Despite numerous stumbles and continued opposition from the business community, regulators are now targeting a Jan. 1, 2019 launch date for the state's controversial retirement plan mandate.

That marks a 12-month delay for rolling out the plan, which the state legislature narrowly approved in 2016 with Lt. Gov. Nancy Wyman's vote needed to break a tie in the Senate.

The mandate forces businesses with five or more employees to enroll any full- or part-time worker not eligible for an employer-sponsored plan into a separate plan administered by the Connecticut Retirement Security Authority.

Architects of the mandate argued that private sector workers were not saving enough for retirement.

Rather than encourage greater participation in private sector 401(k) retirement plans, they created a plan that offers no tax benefit to employees—unlike private sector plans, which are readily available to all workers.

The legislation mandates employee contributions at 3% of salary, but deducts that from wages after taxes, with those contributions used to fund the bureaucracy needed to administer the plan.

Obstacles

The authority has faced a series of obstacles.

CRSA members only met for the first time in August last year and three months later postponed the plan roll out indefinitely.

In May 2017, the U.S. Congress overturned an Obama-era regulation that allowed states to manage retirement plans without complying with consumer protections governed by the Employee Retirement Income Security Act.

That meant Connecticut needed to comply with the same costly but important consumer safeguards ERISA requires for private sector plans.

However, CRSA chair Scott Jackson, the Department of Revenue Services commissioner, told the Hartford Business Journal this week that after consulting with attorneys, the authority's concerns with the rule change have diminished.

Funding Issues

CRSA's efforts were also undermined by a lack of start-up funding, compounded by a legislative prohibition against borrowing from taxpayers.

Further, the state plan is required by law to offer options from multiple vendors.

The authority has chosen novel interpretations of state law to get around those requirements.
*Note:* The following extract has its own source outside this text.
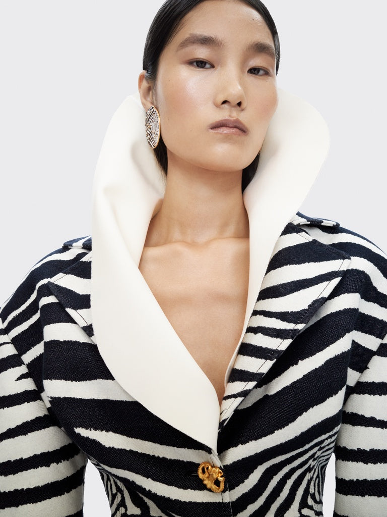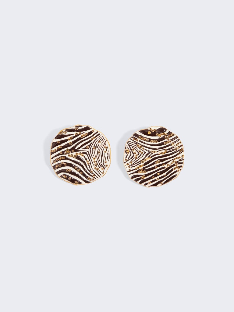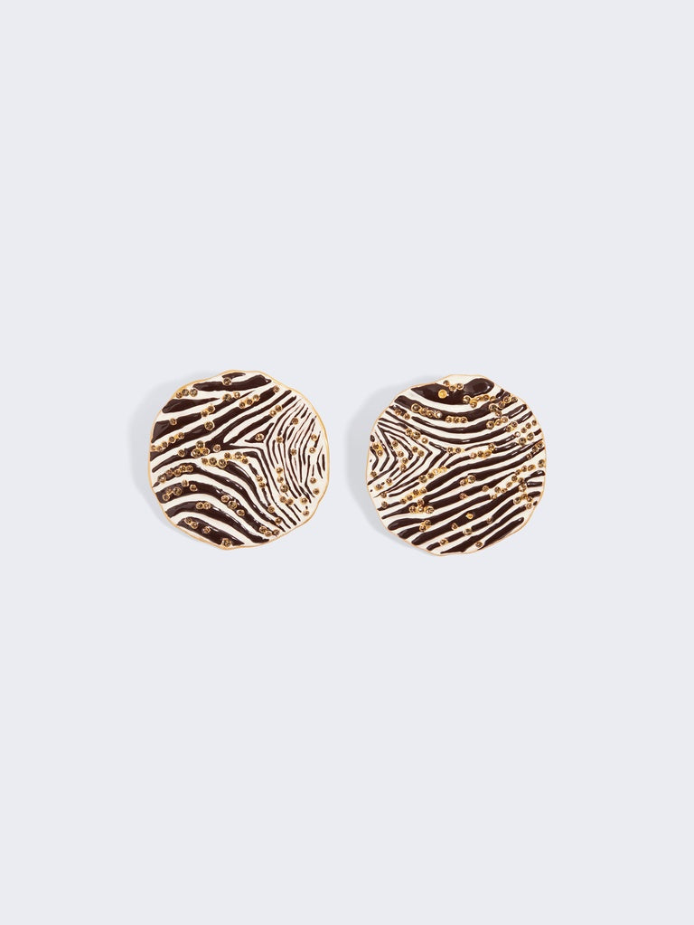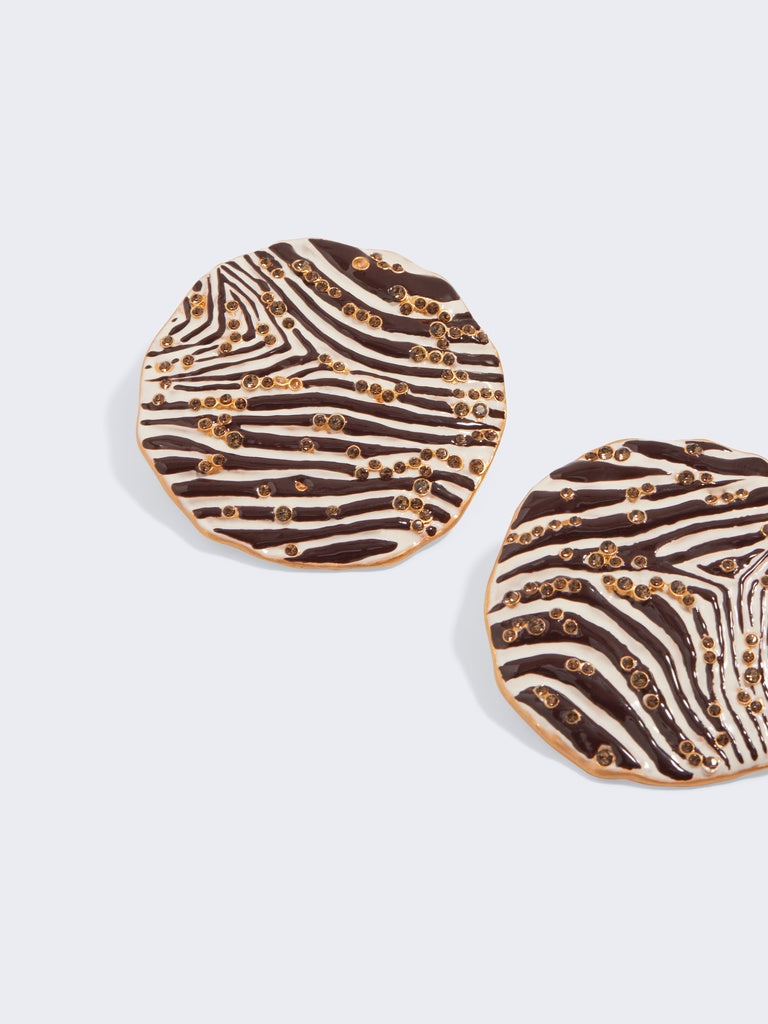 These zebra-striped brass, enamel and rhinestone earrings are inspired by one of the season's key prints.

CRSA is also dancing around the multiple vendor requirement, arguing that offering multiple plans from a single vendor addresses the spirit of the law.
To fund start-up operations—including hiring an executive director, legal costs, management and consultant fees, and bonding and insurance—board members initially targeted funds from the $400,000 lawmakers appropriated years ago to study a state-administered retirement plan.

Despite the questionable notion of raiding one-time funds intended for another purpose, the authority approved a memorandum of understanding to access that money.

One board member also suggested CRSA could fund operations more quickly by doubling the mandated employee contribution from 3% to 6%.

Taxpayer Dollars

CRSA then successfully lobbied lawmakers to add a provision in legislation enacted in the final hours of the 2018 legislative session, allowing the authority to borrow up to $1 million from the general fund to cover start-up costs.

In other words, CRSA appears to have sidestepped the legislation's ban on using taxpayer dollars by borrowing money from the state's general fund.

The authority is also dancing around the multiple vendor requirement, arguing that offering multiple plans from a single vendor addresses the spirit of the law.

Businesses remain concerned about complying with this costly, burdensome mandate.

Those concerns are only heightened by the constant delays, lack of clarity, and the CRSA's interpretations of federal and state law.